----- Records for this task -----

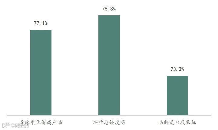 以新中产人群为例,77.1%的人群青睐“质优价高”的产品,价格敏感度较低,对“高品质产品应具备高溢价”具有极高认同度;78.3%的人群对品牌忠诚度高,并有77.3%的人认为品牌是自我的象征。
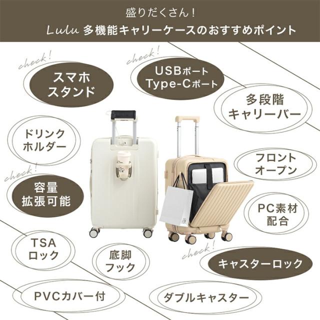 多機能キャリーケース [ Sサイズ 機内持ち込みOK 41L ] フロントオープン 多機能 充電 USB type-c カップホルダー スマホスタンド キャリーケース キャリーバッグ スーツケース 機内持ち込み 軽量
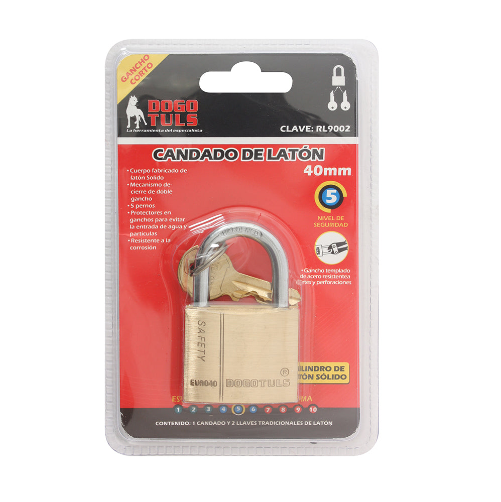 CANDADO DE LATON 40MM GANCHO CORTO DOGOTULS RL9002
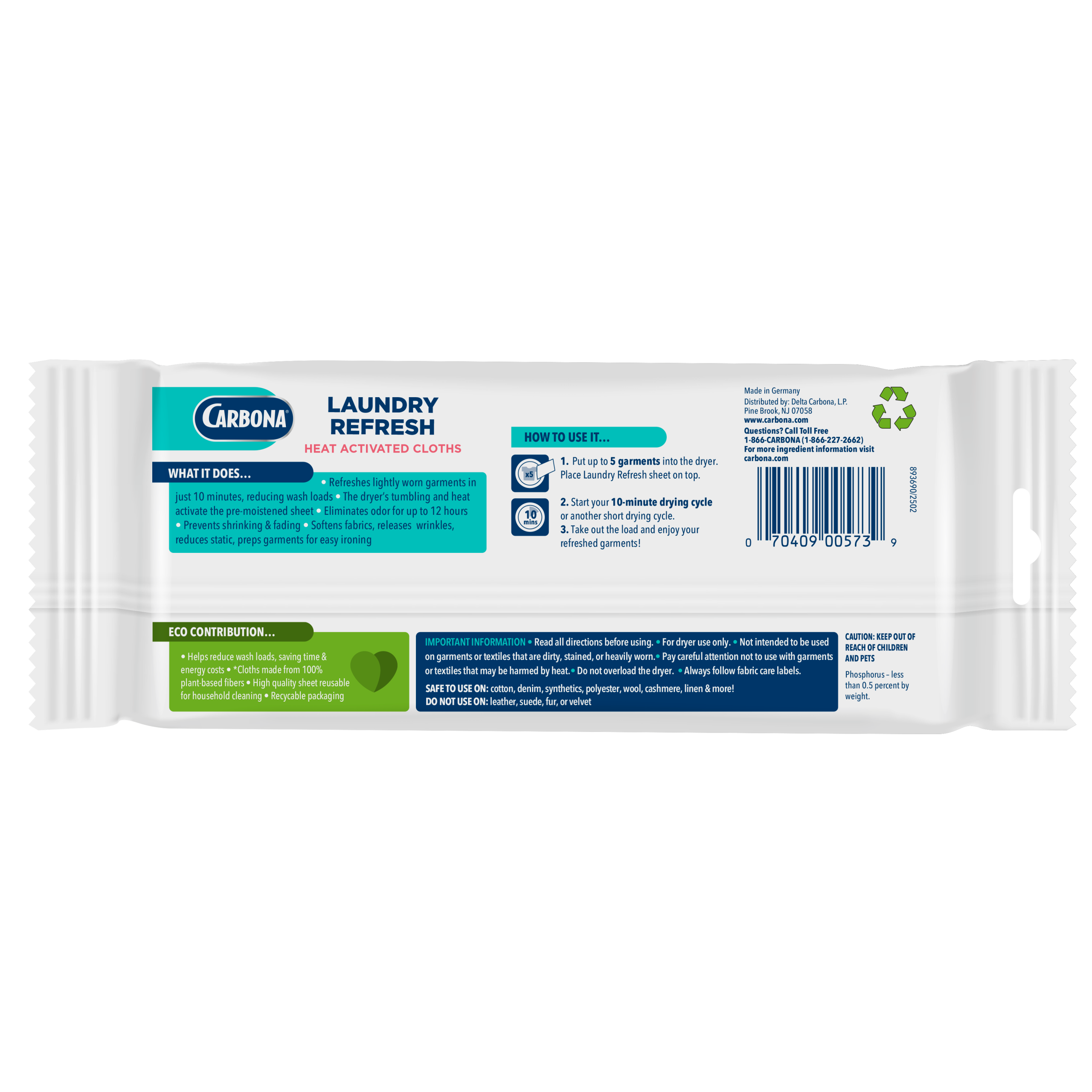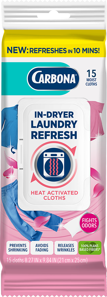 Releases fabric-refreshing agents through dryer heat and tumbling—no spray or ironing needed.
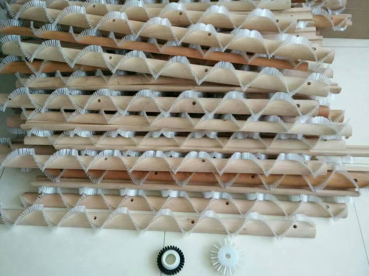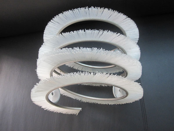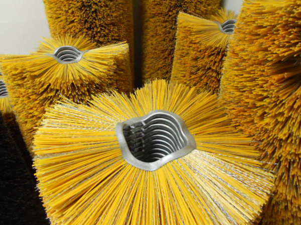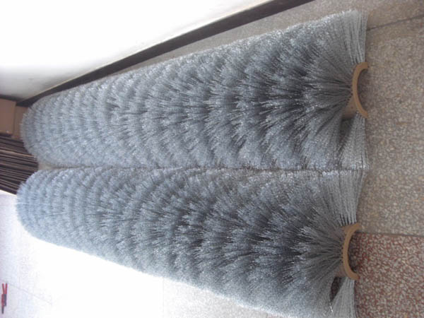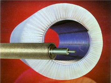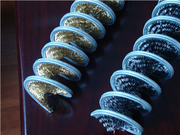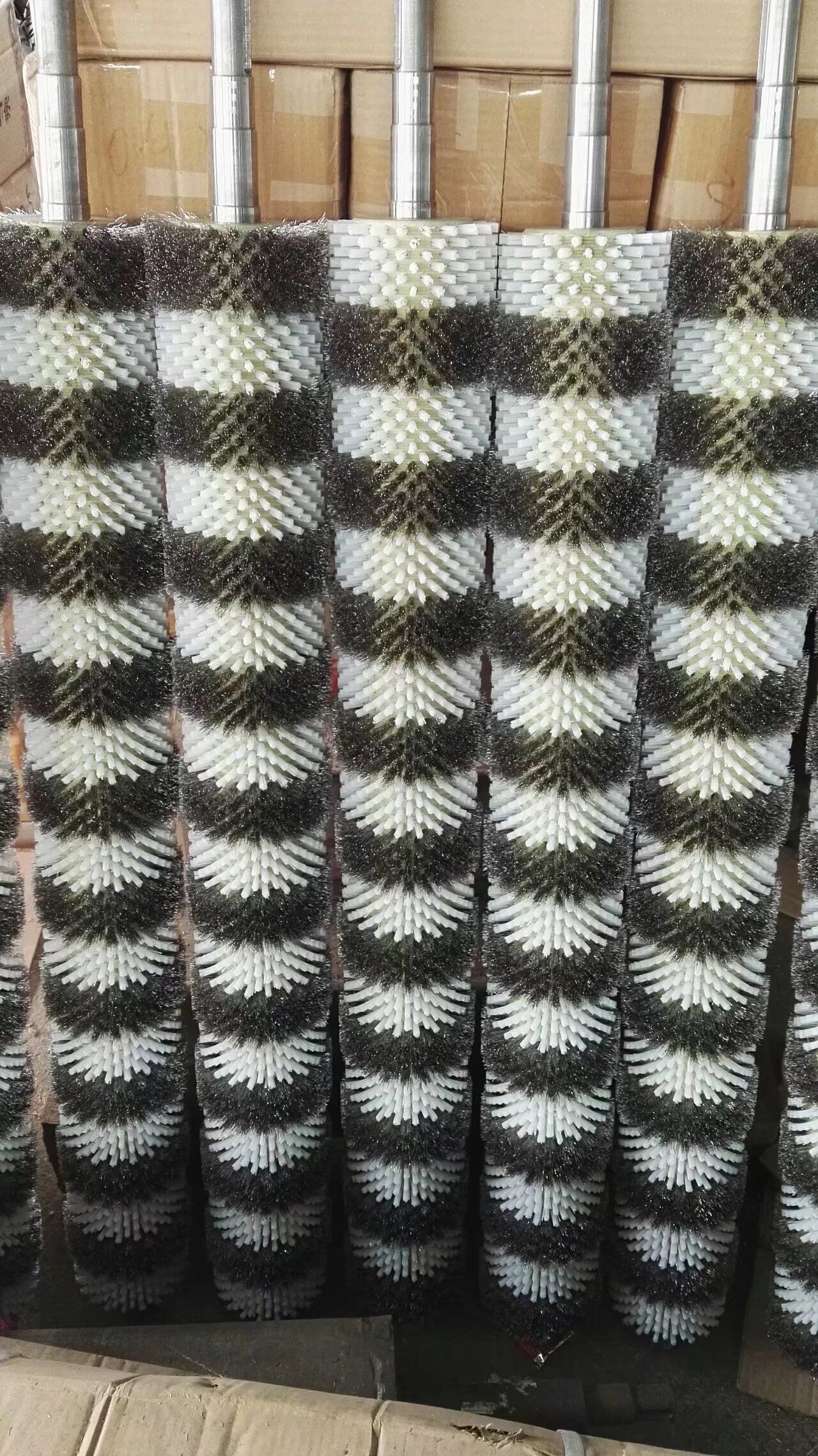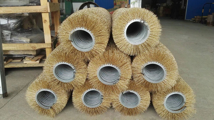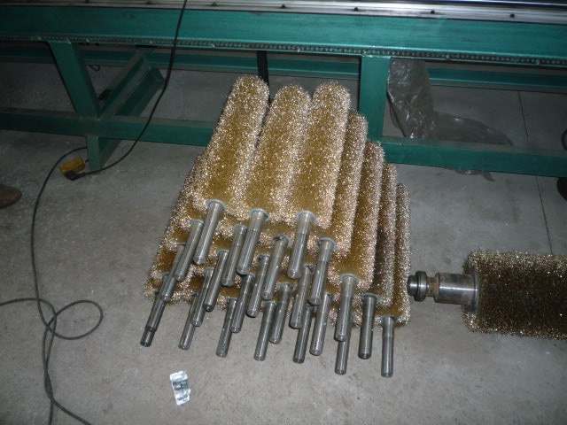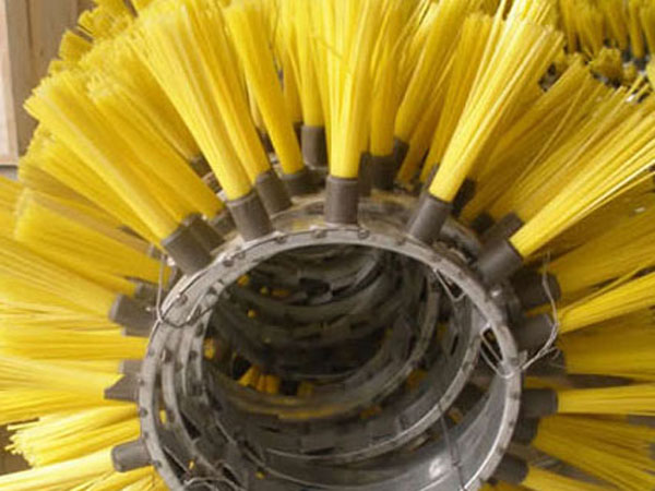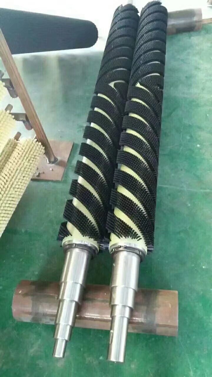 彈簧刷工藝制成的刷輥解決了密度高、牢度強(qiáng)等問(wèn)題,制造時(shí)先經(jīng)過(guò)條刷設(shè)備將刷毛由一根鋼絲壓入鋁帶或不繡鋼帶中制成條刷。從條刷機(jī)壓出的半成品條刷直接接入到彈簧刷繞毛設(shè)備上,通過(guò)強(qiáng)大的壓力和牽引使條刷成彈簧狀...
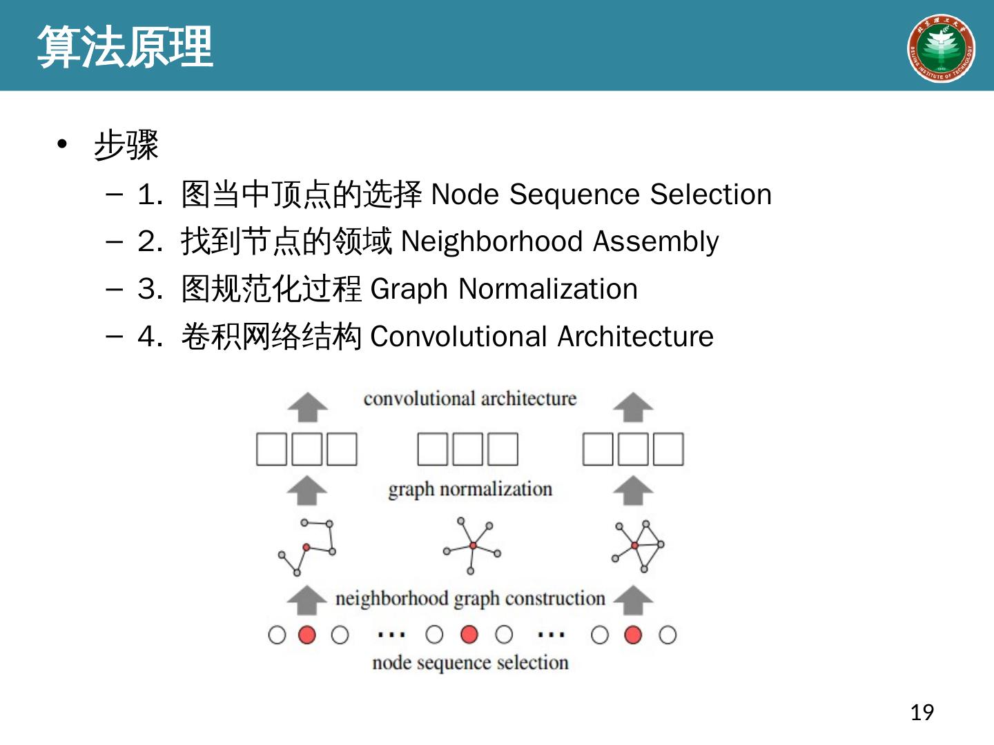 18 .算法原理 PATCHY-SAN (Select-Assemble-Normalize ) 思路 1 . 选出合适 的 节点 ; 2 . 为每一 个 节点 建立 一个邻域 ; 3. 建立 图 表示到 向量 表示的单一映射,保证具有相似的结构特征的 节点 可以被映射到 向量 当中相近的位置。 18 总体 上讲,就是用 w 个 固定大小( size=k )的 子图来表示输入 的图,再 将这 w 个 子图规范化后,生成 一个 w*k 维 的向量,作为 传统 CNN 的输入进行 学习。其实就是做了一个 从图到 向量的映射的一个预处理过程 。 其中 的图结构即可以是有向图,也可以是无向图。而且图的顶点或边的特征,可以同时有离散和连续的特征 。
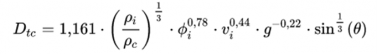 Nous allons donc comparer nos mesures au modèle théorique de Robert Marcus, H. Jay Melosh et Gareth Collins (Earth Impact Effects Program: A Web-based computer program for calculating the regional environmental consequences of a meteoroid impact on Earth). Nous avons donc tracé les valeurs théoriques dudit modèle pour le diamètre du cratère (à distinguer du “trou”) selon la vitesse de l'impacteur à l'aide de la formule suivante (Dtc étant le diamètre du cratère) :
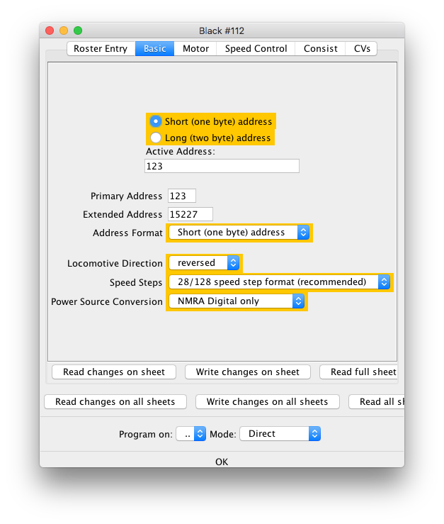 It is also possible to program the CVs directly using the CV Programmer. The "Read" and "Write" buttons allow you to work with individual CV contents. Changes made here will also update any associated values found on other programmer tabs.

-----

# How to complete this task:
Retype the records above word for word, from their first line through the line containing "彈簧刷工藝制成的刷輥解決了密", and leave out every picture.

# Response area:
 以新中产人群为例,77.1%的人群青睐“质优价高”的产品,价格敏感度较低,对“高品质产品应具备高溢价”具有极高认同度;78.3%的人群对品牌忠诚度高,并有77.3%的人认为品牌是自我的象征。
 多機能キャリーケース [ Sサイズ 機内持ち込みOK 41L ] フロントオープン 多機能 充電 USB type-c カップホルダー スマホスタンド キャリーケース キャリーバッグ スーツケース 機内持ち込み 軽量
 CANDADO DE LATON 40MM GANCHO CORTO DOGOTULS RL9002
 Releases fabric-refreshing agents through dryer heat and tumbling—no spray or ironing needed.
 彈簧刷工藝制成的刷輥解決了密度高、牢度強(qiáng)等問(wèn)題,制造時(shí)先經(jīng)過(guò)條刷設(shè)備將刷毛由一根鋼絲壓入鋁帶或不繡鋼帶中制成條刷。從條刷機(jī)壓出的半成品條刷直接接入到彈簧刷繞毛設(shè)備上,通過(guò)強(qiáng)大的壓力和牽引使條刷成彈簧狀...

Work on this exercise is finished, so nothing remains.